I read an article on Facebook about CRPS and how it was dubbed the suicide disease. I shared this article on facebook hoping to raise awareness for CRPS because not many people have ever heard of it. Instead of raising awareness, it raised concerns of me being suicidal. I had several people question if I was ok and I tried to assure them that I was. I was in a dark place at that time, with depression. Although I tried to hide it, many people close to me could still see it. I think that’s what got people worried that I may be suicidal, the depression. I’m not sure why depression and really all mental illnesses have such a stigma, but they do! The way people act around you, the way people look at you, the way they don’t say what they’re thinking but you can just tell they’re thinking it…it’s all just so exhausting! That first week back to work, following my surgery, when my friend suggested that I talk with my doctor about getting on some anti-depressants, I was shocked! What did she mean I needed something for depression? Only people with depression need something for depression and that certainly wasn’t me!

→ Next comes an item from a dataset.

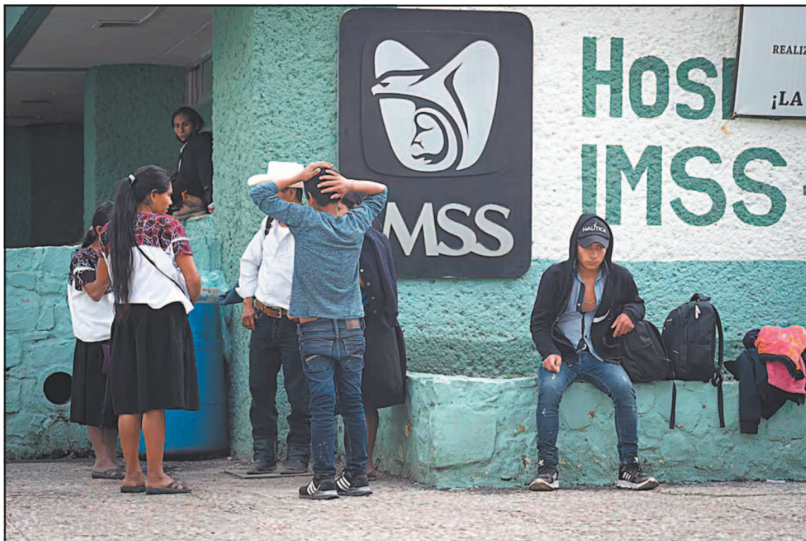
Un hombre de 47 años presentó gusano barrenador en una lesión en la pierna izquierda.

Indicó que lo más probable es que la contaminación se haya producido por contacto con algún bovino e informó que se ha implementado un cerco sanitario para prevenir más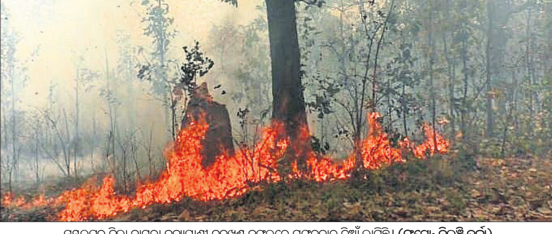
ସମୟାନୁସାରେ ଜିଲ୍ଲା ବାମନା ବନ୍ୟପ୍ରାଣୀ ବନଖଣ୍ଡ ଜଙ୍ଗଲରେ ମଙ୍ଗଳବାର ନିଆଁ ଲାଗିଛି।

ବାହିନୀ ଏବଂ ଇକୋ-ଡେଭଲପମେଣ୍ଟ କମିଟି ମାଧ୍ୟମରେ ଏହାର ସୁରକ୍ଷା ଦିଗରେ ପଦକ୍ଷେପ ନିଆଯାଉଛି। ଶିକାର ଖବର ପ୍ରାପ୍ତ ପାଇଁ ଅଧିକାରୀମାନଙ୍କୁ ସ୍ୱତନ୍ତ୍ର ଗାଡ଼ି ଏବଂ ତଥ୍ୟ ସରବରାହ ପାଇଁ ଗ୍ଲୋବାଲ ସେଟାଲ କେଣ୍ଟ୍ରାଲ ଗ୍ରାହ୍ୟକରାଯାଇଛି। ନିଷ୍ପେଷାବେଶ ବନ୍ୟଜନ୍ତୁ ପ୍ରବନ୍ଧକୁ ନେଇ ଗୋଟାଏ କାର୍ଯ୍ୟକ୍ରମ ଉପରେ ତଥ୍ୟ ସଂଗ୍ରହ କରିବା ପାଇଁ ସ୍ୱତନ୍ତ୍ର ଭାବେ ଏସ୍-ଓଡି (ଶିମିଳିପାଳ ଓଡିଆ ଲାଇଫ୍ ଇଣ୍ଟେଲିଜେନ୍ସ ନେଟୱାର୍କ) ଗଠନ କରାଯାଇଛି। ନିଆଁ ଦାଉରୁ ସୁରକ୍ଷା ପାଇଁ ଗ୍ରାହ୍ୟକରୁଥିବା ଅଗ୍ନିଶମକାରୀ ସୃଷ୍ଟି କରିବା ସହ ସ୍ୱତନ୍ତ୍ର ଅଗ୍ନି ନିର୍ବାପକ ସ୍ୱାତ୍ୱ ସୃଷ୍ଟି କରାଯାଇଛି। ଶିମିଳିପାଳରେ ବ୍ୟାଘ୍ର ସଂରକ୍ଷଣ ବୃଦ୍ଧି ଓ ସେମାନଙ୍କ ଜିନିଷ ଉନ୍ନତପାଇଁ ବାହାର ରାଜ୍ୟରୁ ବ୍ୟାଘ୍ର ସୁରକ୍ଷା ଯୋଜନା କାର୍ଯ୍ୟକାରୀ କରାଯାଇଛି ବୋଲି ଉଲ୍ଲେଖ କରାଯାଇଛି।

It wasn’t until February 2019 when I went to Pittsburgh to get a Ketamine infusion, in hopes of helping the excruciating pain that comes along with CRPS, that I realized that I was depressed! I had had a pre-infusion phone interview with the anesthesiologist before going to Pittsburgh. He went over some paperwork that I had filled out and he actually said it! He said I can tell you’re battling some depression! What did I say to him? “How can you tell that?” Well anybody with a brain could tell that someone who’s life has been turned upside down and every aspect of their life changed, would be struggling with depression!

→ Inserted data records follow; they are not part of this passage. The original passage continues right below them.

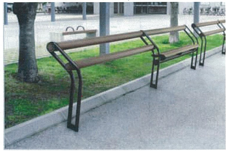
ベンチ (公園入口付近に設置)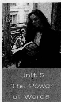
Unit 5 The Power of Words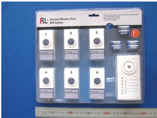
(ア) パッケージ (表面)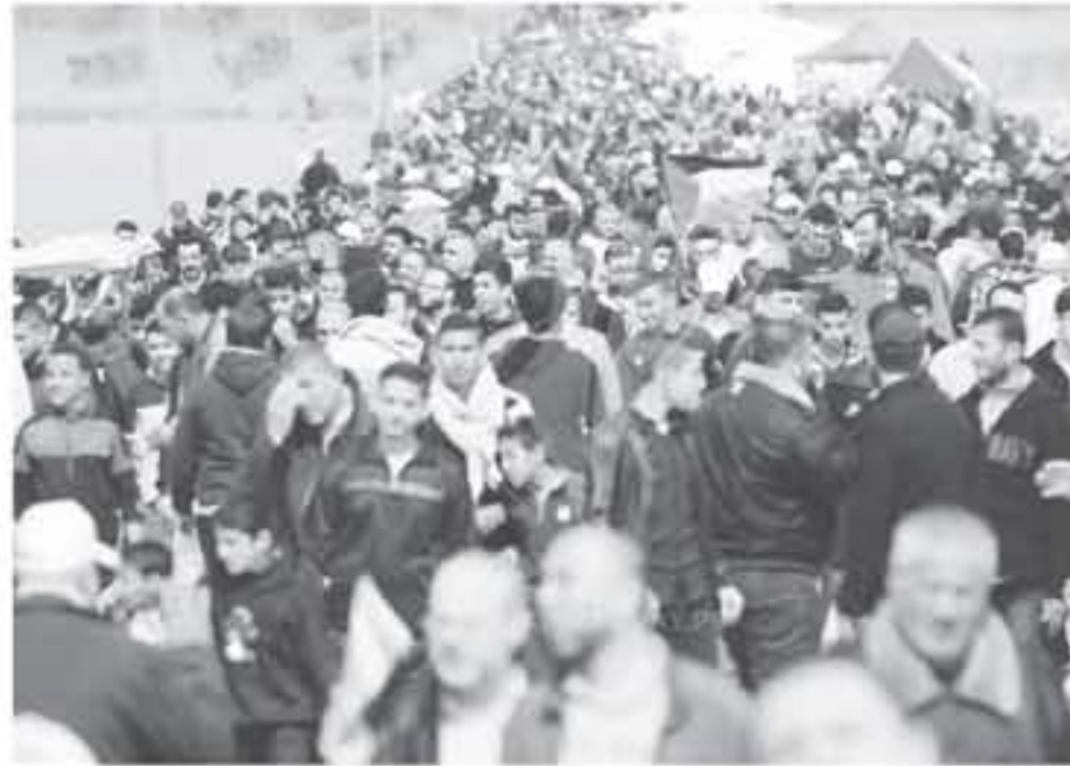
غزة - وكالات

عشر للتظاهرات السلمية، اسم "من غزة إلى الضفة ووحدة دم ومصير مشترك"، لتأكيد على وحدة الشعب في كافة أماكن تواجد، ووحدة الدم والمصير المشترك، في مواجهة المؤامرات التصفوية للضفة الفلسطينية. وأكدت الهيئة، خلال مؤتمر صحفي سابق، على أن "سلمية مسيرة العودة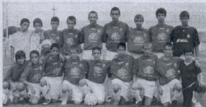
Los infantiles del Rota se afianzan en la zona alta de la clasificación del grupo 3.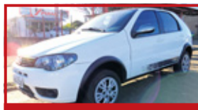
Palio Fire 2015 completo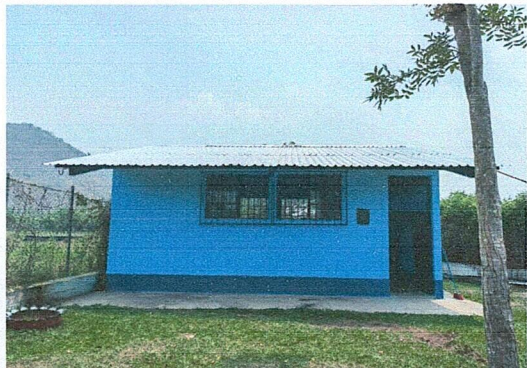
Foto1: Finalización de modificación de techo pintura y balcones modulo 3 (uso prepa).

Although, Ketamine didn’t work for the pain, it did work for the depression that I didn’t even realize, at the time, I had! Following the Ketamine, I felt like my brain was clear, I could actually think again! Before, it was like there was so much going on inside my brain that I felt like I couldn’t think. I was going to school, working full-time, all while be being a wife and mother. All of that alone is enough, but then add CRPS to the mix and it’s just a recipe for disaster! I will get into detail about the infusion in a later post, but if I felt myself not being able to think or had those close to me telling me I needed something I would be open to going back for another infusion. I can’t imagine what other people go through, I feel like what I went through was situational and that there are so many people out there that live most of their life this way. This makes my heart ache for those people. Although I think of my depression as situational, that doesn’t mean I won’t struggle in the future. After all, I will have CRPS forever which means I will struggle with debilitating pain for the rest of my life. I think those of us suffering from CRPS are far too hard on ourselves. I mean, who could have something like this and not be depressed? I still get up out of bed daily, I still work full-time, I’m the best mother I can be and have been happily married for 12 years…I think I’m doing pretty daggone good!

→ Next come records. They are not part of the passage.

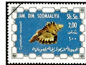
ソマリアフジツガイ C. rangani

全世界の温帯から熱帯にかけての10m～20m位の浅所に生息する。紀伊半島ではイセエビの刺網により漁獲されるが、数量は少ない。殻は毛の生えた殻皮に被われ、螺脈と縦脈とが交叉して小顆粒が見られる。殻の色は褐色と白色の帯が交互に数条あるが、個体差がある。殻の内縁は鮮朱褐色で内唇は反りかえって白色の数条のひだがあり、外唇は肥厚する。水管はや、長く、少し曲折する。和名のシノマキは殻表を取り巻く強い肋条の様子から篠巻きに由来する。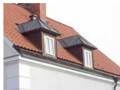
PEHRSSON 2 A från NV KUPOR

fastighet: PEHRSSON 2, hus B. adress: Vassgatan 5. ålder: 1980. Ombyggt 2001. arkitekt / byggm: Lolle Lundqvist (2001). användning: Carport, förråd. antal våningar: 1 sockel: Vit puts. väggar: Vit puts. tak: Lågt valmat sadeltak, ljusgrön falsad plåt. detaljer: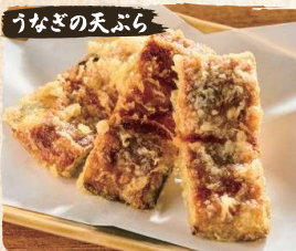
うなぎの天ぷら Eel Tempura (3pc) $6.90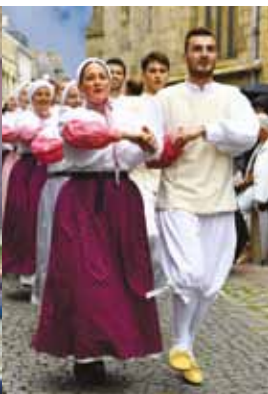
Guingamp, capitale de la danse bretonne avec le festival de la Saint-Loup / Gwengamp, kêr-benn dañs Breizh gant festival gouel ar Sant-Loup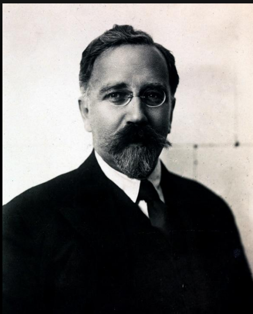
Л.Б. Каменев (Розенфельд)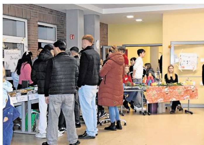
Beim Adventsbasar an der KGS Schwarmstedt herrschte wieder große Nachfrage.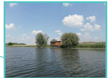
Étang de Perroi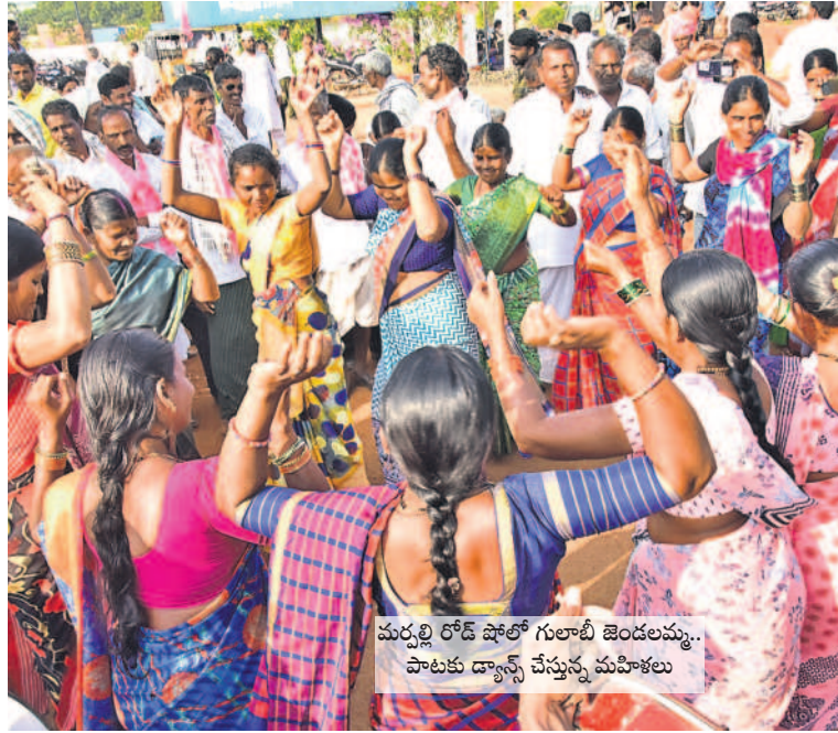
మర్నాటి రోడ్ షోలో గులాబీ జెండలమ్మ... పాటకు డ్యాన్స్ చేస్తున్న మహిళలు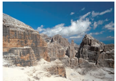
9 Dolomiti di Brenta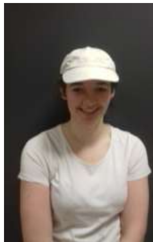
1 ère Place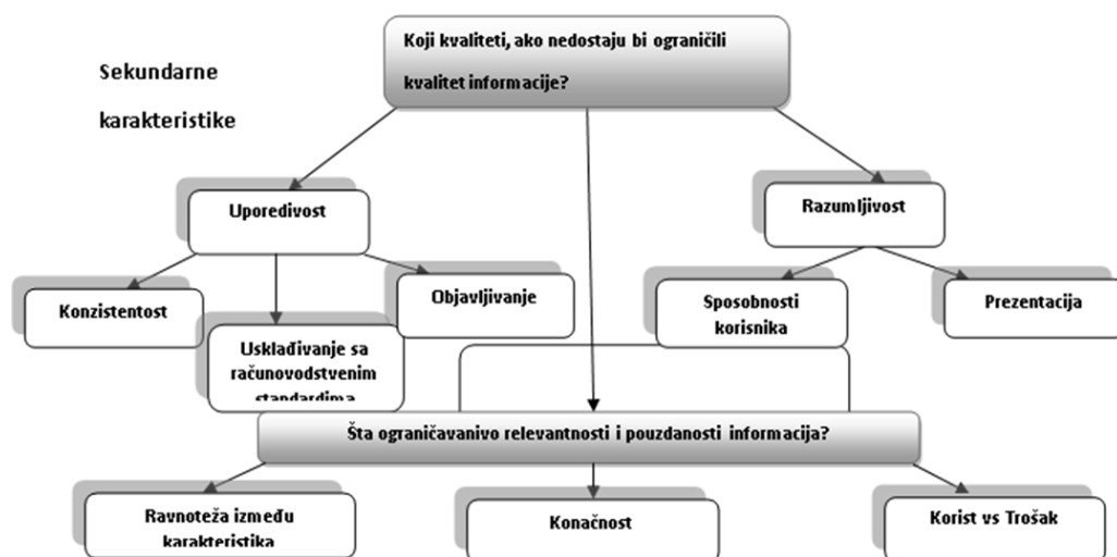
Slika 2. Sekundarne karakteristike informacija

Pored primarnih karakteristika informacija, postoje i sekundarne karakteristike. Sekundarne karakteristike mogu doprinositi kvalitetu informacija bez uticaja na pouzdanost i relativnost informacija (uporedivost i razumljivost), ali mogu delovati i ograničavajuće na primarne kvalitete finansijskih izveštaja (ravnoteža između karakteristika, konačnost, cost benefit), što se može predstaviti:

I was so relieved when Ketamine was ok’d by the FDA for the treatment of depression. I feel like this drug can help so many, just like it helped me even when I didn’t realize I needed help. But you see, that’s the thing, your brain doesn’t usually let you think clear enough to know you need help when your in the midst of depression. That’s why it’s so important to surround yourself with those you love and that love you so that even when you can’t see it, they can! I’m very lucky to have such a huge support system. But for those that don’t, please reach out to someone! Nothing can be so bad that it’s worth ending your life! God never gives you more than you can handle! And although I questioned at times if I could deal with CRPS, I realized that I could and I have! Is it easy? Not in any sense of the word! There are days that I would rather just stay home, but that’s the other thing with CRPS, you have to keep moving! I messed up initially following surgery and have a muscle in my upper arm that my therapist described as feeling like a bone. But it hurt to move, so I didn’t!
I want everyone to know this blog is mainly to educate about CRPS to everyone who I can reach on this platform, but it has also helped me get through so tough times. To me, it’s very therapeutic writing. Being a nurse myself, I had no idea about CRPS. I’m sure I’d heard it at someone point during school or during my career. But to actually be able to explain to someone what it was, I could not! My best friend, who is in the medical field, told me she had heard of it but didn’t realize what people went through until she saw me battling. And for me to hear that I helped one person further understand the disease, I felt a sense of fulfillment! But, I’m far from being done! I’m just getting started!!